> _Stored data_

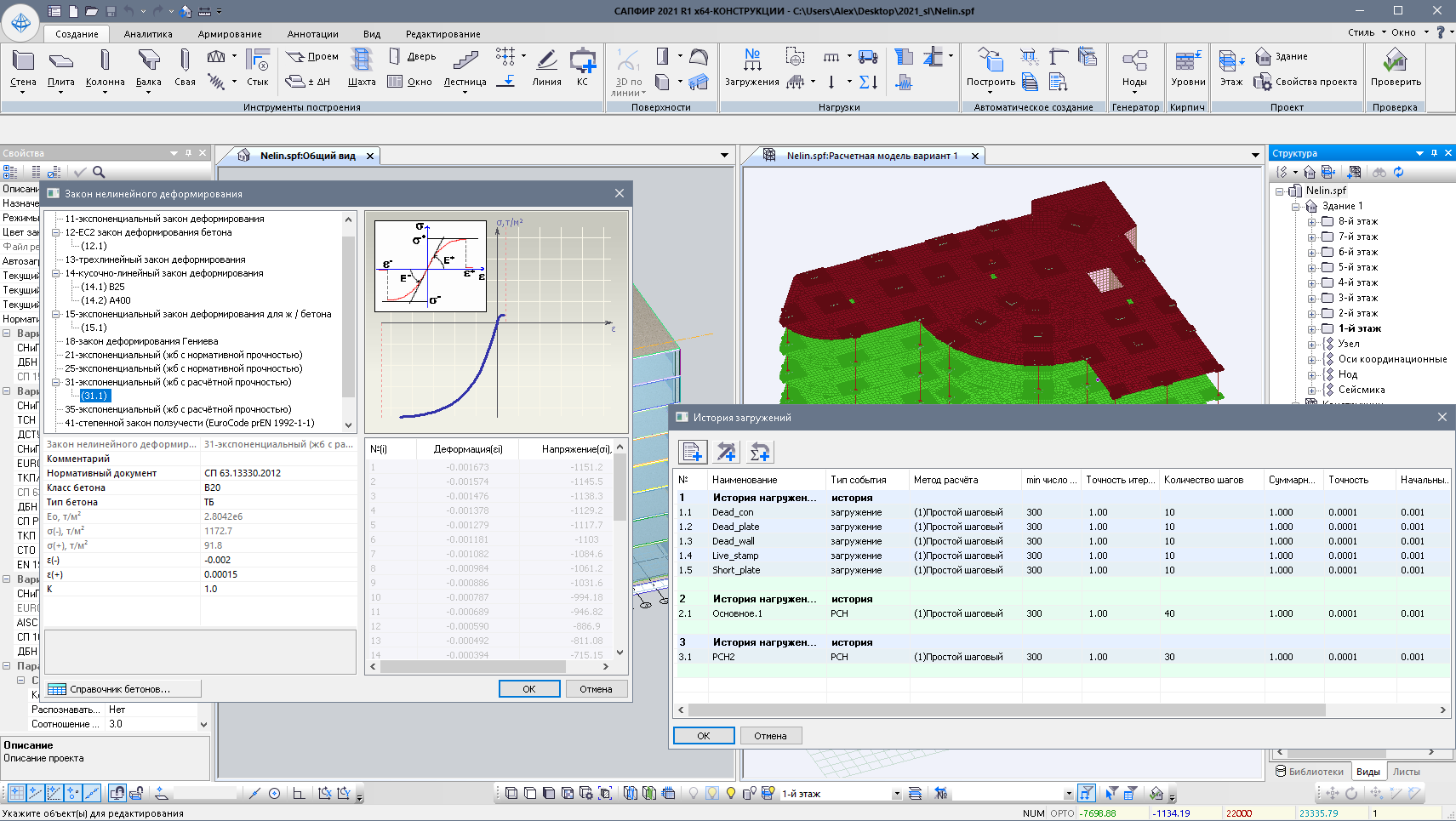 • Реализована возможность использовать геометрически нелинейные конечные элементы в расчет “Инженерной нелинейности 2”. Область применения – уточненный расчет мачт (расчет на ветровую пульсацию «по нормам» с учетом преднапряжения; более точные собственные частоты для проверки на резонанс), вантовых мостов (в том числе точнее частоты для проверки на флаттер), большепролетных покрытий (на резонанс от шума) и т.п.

* * *

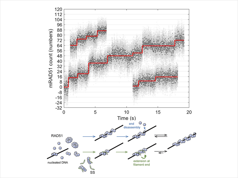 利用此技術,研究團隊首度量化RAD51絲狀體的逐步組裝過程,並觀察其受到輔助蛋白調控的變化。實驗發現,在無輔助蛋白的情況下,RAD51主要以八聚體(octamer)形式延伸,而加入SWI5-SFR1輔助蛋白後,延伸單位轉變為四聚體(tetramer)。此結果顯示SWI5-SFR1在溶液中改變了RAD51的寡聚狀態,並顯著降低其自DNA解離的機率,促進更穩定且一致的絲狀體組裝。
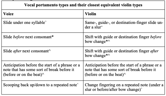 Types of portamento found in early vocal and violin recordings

* * *

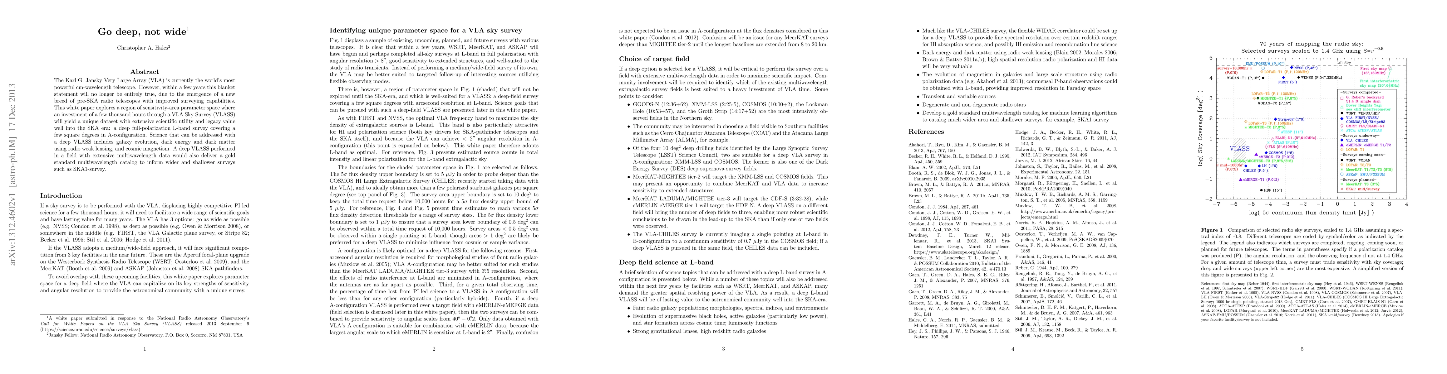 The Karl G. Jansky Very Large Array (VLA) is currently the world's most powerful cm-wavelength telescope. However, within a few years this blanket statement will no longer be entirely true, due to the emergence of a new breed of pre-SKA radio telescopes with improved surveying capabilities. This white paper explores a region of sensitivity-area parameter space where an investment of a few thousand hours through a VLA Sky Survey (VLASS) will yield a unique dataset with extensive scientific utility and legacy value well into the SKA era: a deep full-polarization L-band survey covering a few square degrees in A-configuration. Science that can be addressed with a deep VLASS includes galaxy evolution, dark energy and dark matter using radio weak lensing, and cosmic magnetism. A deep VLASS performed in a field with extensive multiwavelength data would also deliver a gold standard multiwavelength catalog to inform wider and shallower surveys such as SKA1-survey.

> _Exercise prompt_
Each line above that falls between the line with "利用此技術,研究團隊首度量化" and the line with "Types of portamento" should be printed exactly, together with those two lines, but the pictures should not.

> _Task solution_
 利用此技術,研究團隊首度量化RAD51絲狀體的逐步組裝過程,並觀察其受到輔助蛋白調控的變化。實驗發現,在無輔助蛋白的情況下,RAD51主要以八聚體(octamer)形式延伸,而加入SWI5-SFR1輔助蛋白後,延伸單位轉變為四聚體(tetramer)。此結果顯示SWI5-SFR1在溶液中改變了RAD51的寡聚狀態,並顯著降低其自DNA解離的機率,促進更穩定且一致的絲狀體組裝。
 Types of portamento found in early vocal and violin recordings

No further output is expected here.